Making the most of a firearms training course isn't rocket science. Just make sure to bring the required equipment. If possible, add a few extras to maximize comfort and avoid circumstances that could prevent the successful completion of the course.

I’ve got another training course I will be attending here pretty soon. As I find myself getting ready, I thought it wouldn’t be a bad idea to share what I plan to take with me to a training course. Coincidentally about this time a year ago, I published a short post outlining how I get ready for a trip to the range. That’s relevant because what I do to get ready for the range is similar to what I do to get ready for a training course.

The big difference for between getting ready to go to range to practice and attending a course is that there is very little to do in terms of goal setting and planning as the curriculum has already been decided. However, I do take a moment to review the curriculum and make a list of things I would like to take away from the course and questions I would like answered.

Guns and Gear

Next, is getting the guns ready. Selection is easy as it should be the guns required for the course. Yes, there is a possibility that more than one gun is required. For example, the last course I attended required a duty sized semi-automatic pistol and an AR-15. Personally, I also like to take back up guns when possible just in case the gun I am training with has a failure that requires more than a tap and rack to correct.

Along with the guns comes the required gear. The required gear list is usually spelled out for the course and includes things like holsters, magazines, mag pouches, slings, and what not. Again when possible, I like to bring back up equipment.

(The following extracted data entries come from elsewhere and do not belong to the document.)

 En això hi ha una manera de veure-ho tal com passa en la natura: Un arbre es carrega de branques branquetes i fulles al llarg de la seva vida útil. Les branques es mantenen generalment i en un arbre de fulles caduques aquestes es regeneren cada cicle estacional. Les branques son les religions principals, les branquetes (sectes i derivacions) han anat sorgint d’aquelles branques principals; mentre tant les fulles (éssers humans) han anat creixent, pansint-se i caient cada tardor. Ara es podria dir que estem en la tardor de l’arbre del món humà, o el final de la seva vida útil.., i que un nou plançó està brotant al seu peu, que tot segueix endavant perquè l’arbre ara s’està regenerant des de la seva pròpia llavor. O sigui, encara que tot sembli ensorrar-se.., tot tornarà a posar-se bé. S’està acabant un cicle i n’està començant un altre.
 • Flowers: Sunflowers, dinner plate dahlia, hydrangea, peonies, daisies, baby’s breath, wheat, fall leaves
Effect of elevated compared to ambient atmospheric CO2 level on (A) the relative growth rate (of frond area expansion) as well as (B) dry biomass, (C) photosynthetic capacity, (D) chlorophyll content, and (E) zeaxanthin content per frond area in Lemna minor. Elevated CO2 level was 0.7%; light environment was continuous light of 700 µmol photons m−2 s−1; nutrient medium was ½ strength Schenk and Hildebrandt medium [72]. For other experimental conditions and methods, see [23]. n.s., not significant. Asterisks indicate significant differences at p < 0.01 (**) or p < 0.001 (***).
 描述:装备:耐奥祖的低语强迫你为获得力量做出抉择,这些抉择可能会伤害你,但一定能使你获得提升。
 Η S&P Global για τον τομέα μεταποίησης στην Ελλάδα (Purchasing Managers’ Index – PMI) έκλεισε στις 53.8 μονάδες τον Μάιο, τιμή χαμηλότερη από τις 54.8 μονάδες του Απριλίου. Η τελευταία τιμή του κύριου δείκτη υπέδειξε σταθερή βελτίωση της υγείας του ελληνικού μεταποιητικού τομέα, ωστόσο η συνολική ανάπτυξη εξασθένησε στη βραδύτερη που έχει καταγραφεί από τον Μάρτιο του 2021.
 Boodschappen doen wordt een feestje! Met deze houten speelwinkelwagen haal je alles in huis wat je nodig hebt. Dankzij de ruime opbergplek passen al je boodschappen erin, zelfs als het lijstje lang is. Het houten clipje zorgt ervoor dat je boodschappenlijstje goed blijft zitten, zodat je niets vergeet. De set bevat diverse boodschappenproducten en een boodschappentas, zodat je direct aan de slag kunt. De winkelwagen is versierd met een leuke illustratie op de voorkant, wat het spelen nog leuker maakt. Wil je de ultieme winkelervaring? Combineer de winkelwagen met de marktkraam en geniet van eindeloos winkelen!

I suggest preforming regular maintenance on the guns and gear prior to attending the class. Starting out with a clean and lubricated gun reduces the chance of firearm failures in the course.

I inspect all of the required guns and gear prior to attending the course as well. This includes making sure all screws are torqued correctly and that nothing is on the verge of failure. The tools and lubricants used for maintenance and inspection then go into the range bag in case any field maintenance is required and back up equipment is not available.

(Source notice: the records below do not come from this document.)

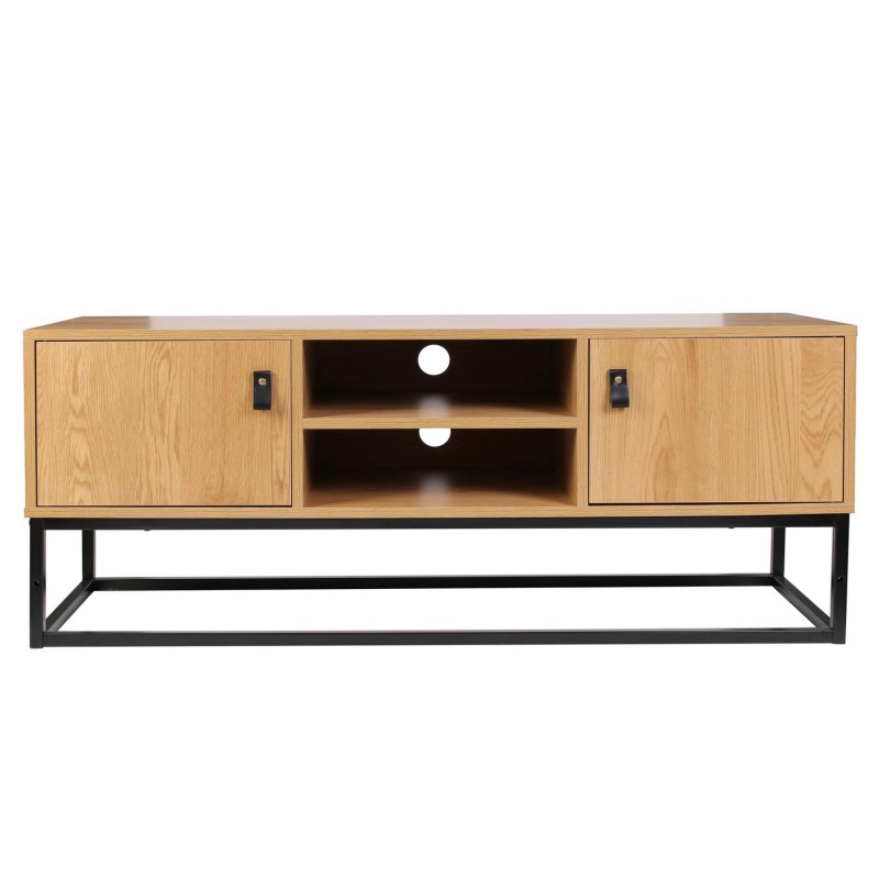 Meuble de télévision 2 portes et 2 niches piètement métal noir. Vous aimerez le style authentique du meuble TV Abbott. Les niches sont percées au fond pour permettre le passage des câbles. A monter soi même. Dimensions : L117 x l39 x H48 cm. Poids : 21 kg. Matière : Fibres de bois MDF et métal. Marque : Home Déco Factory.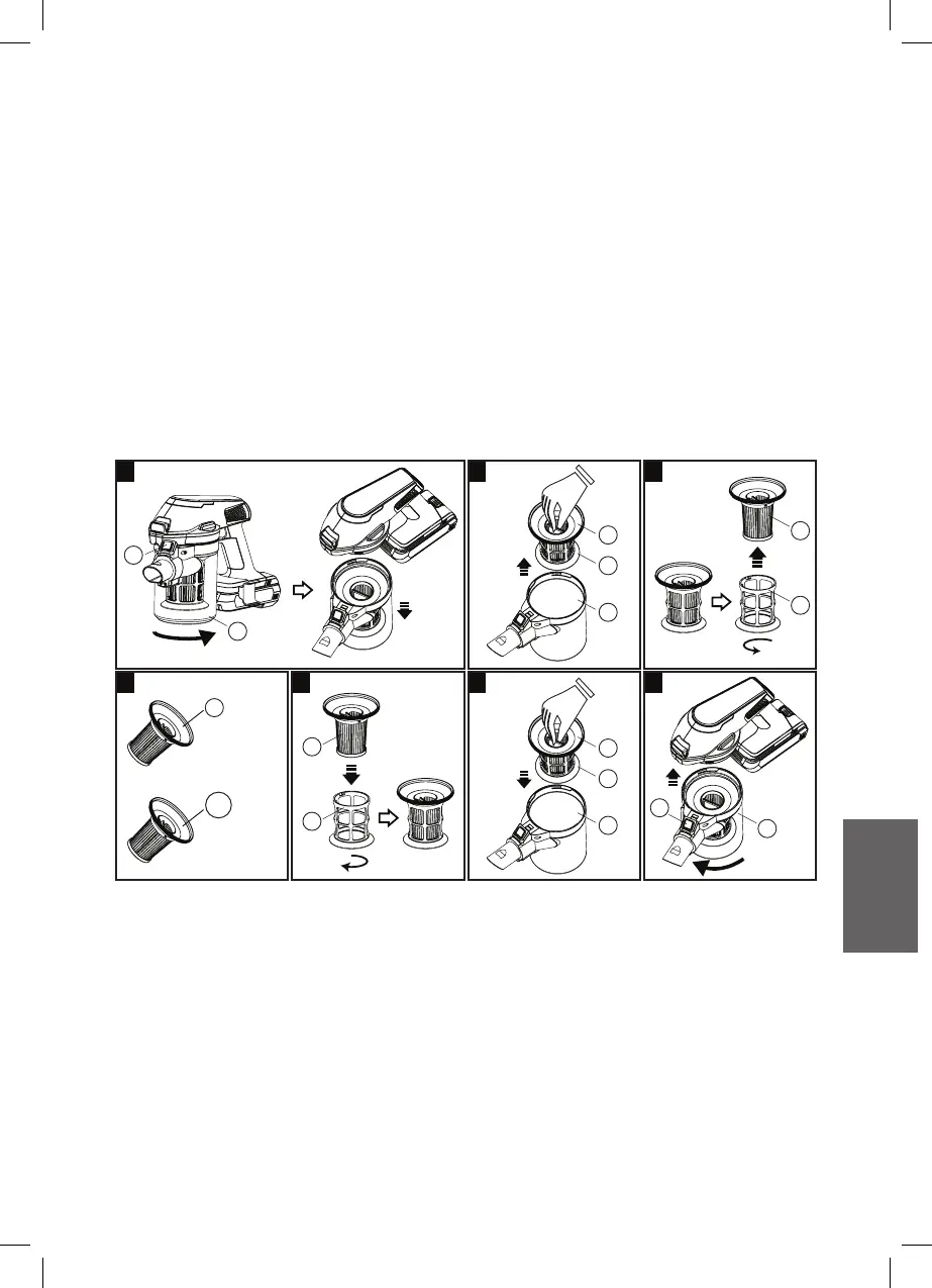 7. Asenna Pölysäiliö (D) takaisin paikalleen myötäpäivään kiertämällä.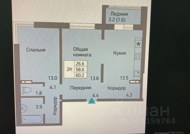 - Общая площадь: 57.9 м2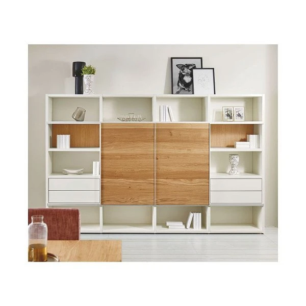 Die now! time by hülsta Kombination 7 in Natureiche/Lack-weiß ist eine Wohnwand mit Schiebetüren und Schubladen.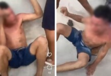 Nas imagens em que o homem apanha da população, é possível ouvir alguém dizer: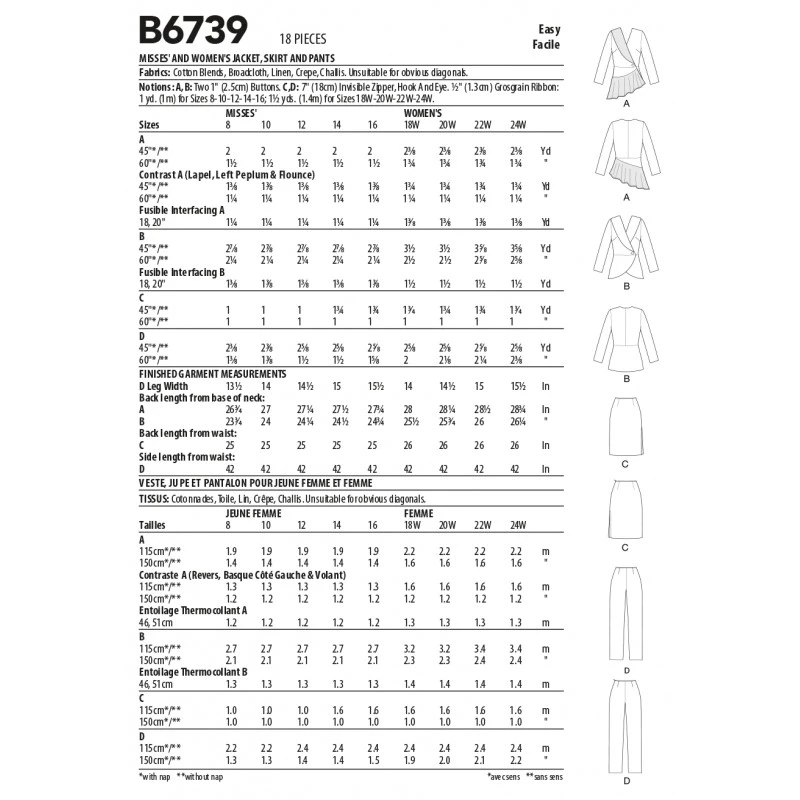 Butterick Sewing Pattern B6738 Misses’ Wrap Jacket Peplum Top Skirt and Trousers
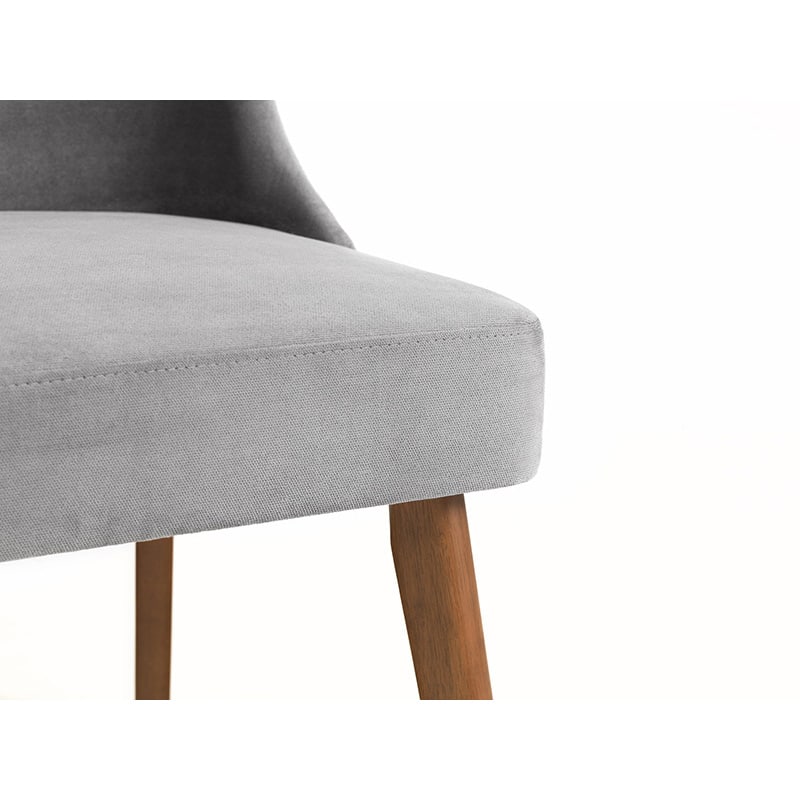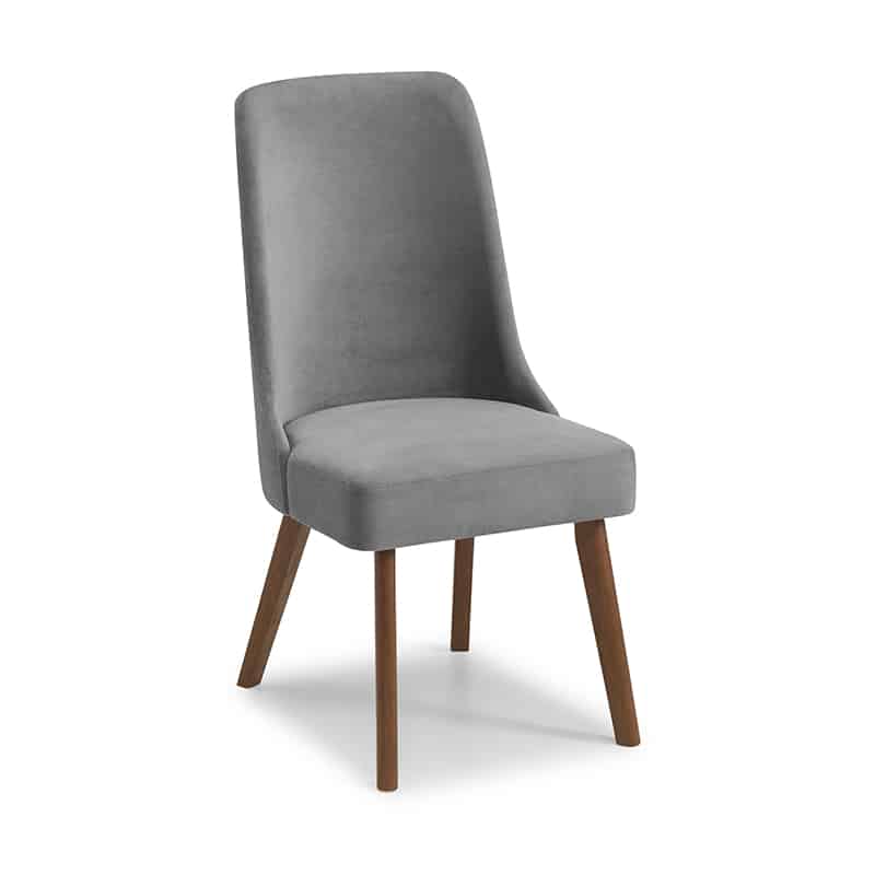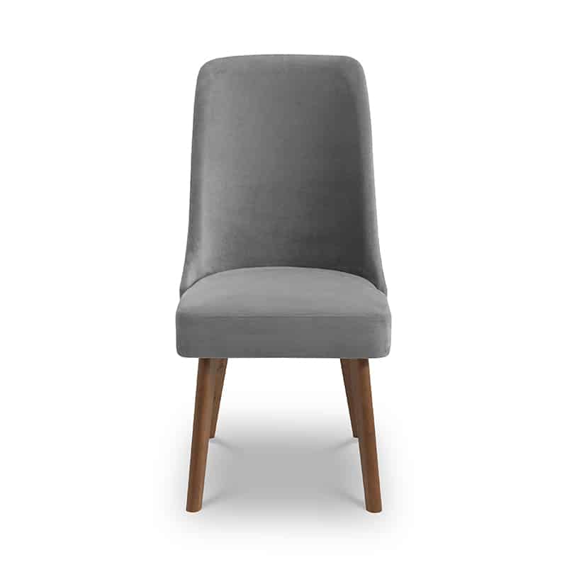 The Huxley round dining table is a contemporary design, with a traditional influence. Bringing warmth to any dining room, perfect for a mix of modern or traditional decor. Crafted from walnut veneer, this rich coloured dining table excels in stability. Accompanied by 4 Huxley Dining Chairs.The Huxley Dining Chair features a glamourous curved back, with modern tapered walnut legs. Finished in dusk grey chenille fabric, this dining chair adds a touch of elegance to any dining area

Most training courses will give you an approximate round count. The accuracy of that round count can vary. I’ve attended courses where the actual round count was half of the course called for. I’ve also attended classes where the round count was exceeded by margin of 10%. So as a rule of thumb I like to bring an additional 25% of the approximated round count. For example, the next course I will be attending is approximating a round count of 500 so I will be taking 625 rounds to course.

One additional tip: Preload your magazines. All of them. It’s easier (and faster) to download the magazines at the start of the course if needed, than it is to load them. This minimizes the hold up before the first live fire drill of the training course.

Also, bring a mag loader and save your thumbs.

Range Bag Contents

At this point, the range bag should at least have the field tools and lubricants in it. Firearms and ammunition may go in the bag or may end up in one or more gun cases and ammo cans. Gear should be in the bag and ready to go as well.

In addition to those things, I make sure I have:

  • Hearing protection,
  • eye protection,
  • first aid kit,
  • kinesiology tape (blisters and hot spots happen, don’t let them stop your from completing the course and use that info to make adjustments to the carry gun and holster at a later date),
  • spare batteries for all the equipment that uses batteries (like hearing protection, red dots, illuminated scopes, flash light, etc.),
  • sun screen,
  • and bug spray.

Like the guns and gear, back up hearing protection and eye protection make it into the bag. Just in case.

Other Tidbits

The courses I have attended so far are either a half day (4 hour) or full day (8 hour) format. None of which include food or beverages. All of which don’t allow enough time to get off the property to pick up lunch (mostly due to being remote enough to require significant enough driving time to a restaurant or fast food joint that makes it impractical). As such, make it a point to load up a cooler with water (or other non-alcoholic beverages) and food. Then throw some extra food and water in the cooler just in case. Wouldn’t hurt to throw a couple of energy bars in the range bag either. Sports beverages (heavy on electrolytes) are also your friend. Remember, dehydration and low blood sugar are not your friends.

Don’t forget some cleaning wipes to get the powder residue and lead off your hands before you eat or to clean up after the course is completed. Some training facilities or trainers may provide these. Others won’t.

I also like to include a camping chair and pop-up canopy to for shade when the training will take place outdoors. All of the training courses I’ve attended so far has taken place outdoors. Some of the training facilities provide shade and seating. Some don’t.

Don’t forget to wear weather appropriate clothing and a hat.

Last, but not least, pen and paper is a really good idea. Or something to quickly jot down notes with. I don’t know about you, but I don’t want to forget about that new drill I’m likely to be exposed to.

All of this “extra stuff” may seem overkill to some. However, some of training courses can get pricy especially when travel and lodging is required. Regardless of the cost, I want to make the most of my training investment and would rather be over prepared than not prepared enough. I find that being prepared (or over prepared) is preferable to not being able to complete the course.

On the flip side, not having all of the extra equipment shouldn’t keep one from attending a training course. At a minimum, bring the required equipment. Chances are the required equipment will be sufficient.